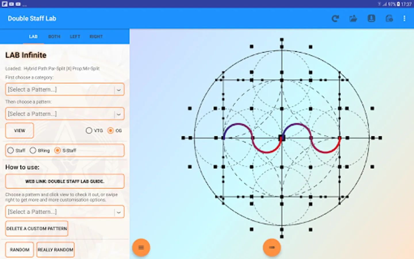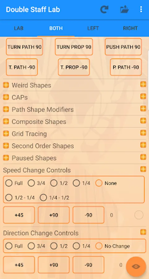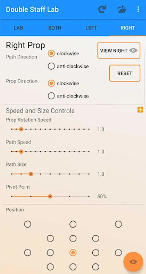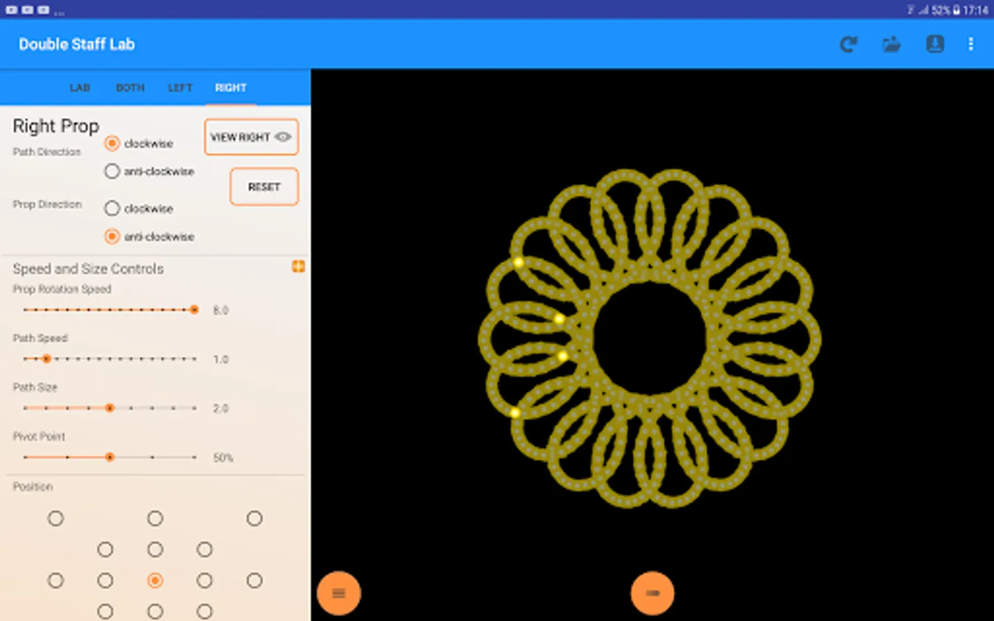 In terms of modification, you can either modify both staffs at once, or for very detailed control, each staff individually. Controls range from the direction of the staff and the path of the hand, to the speeds of both, the shape of the hand path (usually a circle) to even where you 'grip' the staff.
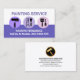 Cubierta monocromática púrpura con un diseño de herramientas de pintura cerca del centro. En la parte superior está tu nombre de negocio con los datos de contacto cerca de la base de la tarjeta. Al dorso, en una cubierta blanca, en la parte superior hay un logotipo de pincel de rodillo dorado que se puede usar. A esto le sigue su prestigioso nombre, los datos de contacto y un pie de foto para publicitar sus servicios. Un diseño sencillo y creativo para los pintores.
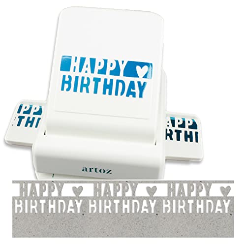 ARTOZ Perforatrice con scritta "Happy Birthday" - 6,4 cm - punzonatrice per carta, perforatrice per compleanno, biglietti di invito, biglietti di auguri, menù e decorazioni, adatta fino a 220 g/m²

**About this task**
Repeat the data word for word. Images are not part of the copy.

**Exercise answer**
 In terms of modification, you can either modify both staffs at once, or for very detailed control, each staff individually. Controls range from the direction of the staff and the path of the hand, to the speeds of both, the shape of the hand path (usually a circle) to even where you 'grip' the staff.
 Cubierta monocromática púrpura con un diseño de herramientas de pintura cerca del centro. En la parte superior está tu nombre de negocio con los datos de contacto cerca de la base de la tarjeta. Al dorso, en una cubierta blanca, en la parte superior hay un logotipo de pincel de rodillo dorado que se puede usar. A esto le sigue su prestigioso nombre, los datos de contacto y un pie de foto para publicitar sus servicios. Un diseño sencillo y creativo para los pintores.
 ARTOZ Perforatrice con scritta "Happy Birthday" - 6,4 cm - punzonatrice per carta, perforatrice per compleanno, biglietti di invito, biglietti di auguri, menù e decorazioni, adatta fino a 220 g/m²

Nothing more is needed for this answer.